The UN and the EU called for peace in Syria at a donor conference in Brussels on Wednesday, attended by representatives of over 85 countries and NGOs. The EU's foreign policy chief Federica Mogherini warned that a military victory for Syrian president Bashar al-Assad would not be enough.
"A military victory could come and it is true that we see some actors pursuing that kind of strategy. But what next? What happens the month after that? Two months after that? One year after that? Daesh could come back, the country would not be reconstructed, even for pragmatic reasons... Who would you give the money to? Is it realistic to think that any international institution would give the money to Assad?" said Mogherini.

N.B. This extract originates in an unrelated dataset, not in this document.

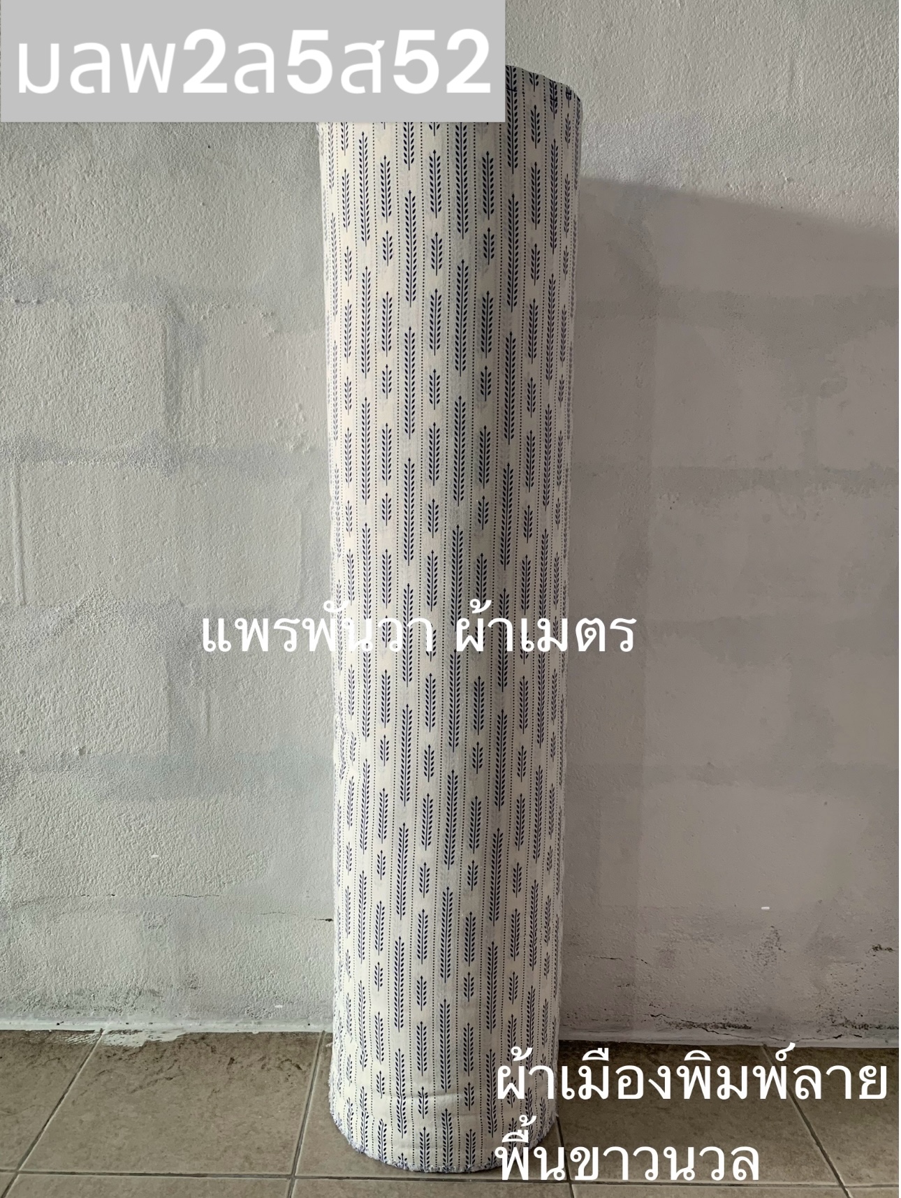 ผ้าเมืองพิมพ์ลาย-พื้นสี พื้นกรม ลายรวงข้าว สีขาวนวล

The international community pledged 3.3bn euros in aid, but fell well short of the UN's 7.4bn-euro target despite the pleas of neighbouring countries and NGOs working on the ground:
David Beasley, Executive Director of the UN World Food Programme, warned of the consequences of not acting:
"Our plans are to feed about four million (people) but we do not have enough funds at this stage to feed three million (people) inside Syria, a country that has 6,5 million people literally severely food insecure, meaning they don't know when they are going to get their next meal. If we don't receive the funds we need, then you are talking instability that can create chaos in an already chaotic region."
Euronews' Isabel Marques da Silva reports from Brussels:
"The European Union has played an important role in trying to mobilise humanitarian aid for Syria. But its political influence has not yet translated into bringing to the peace negotiations all the players involved, and the Syrian people keeps paying the heavy price of war."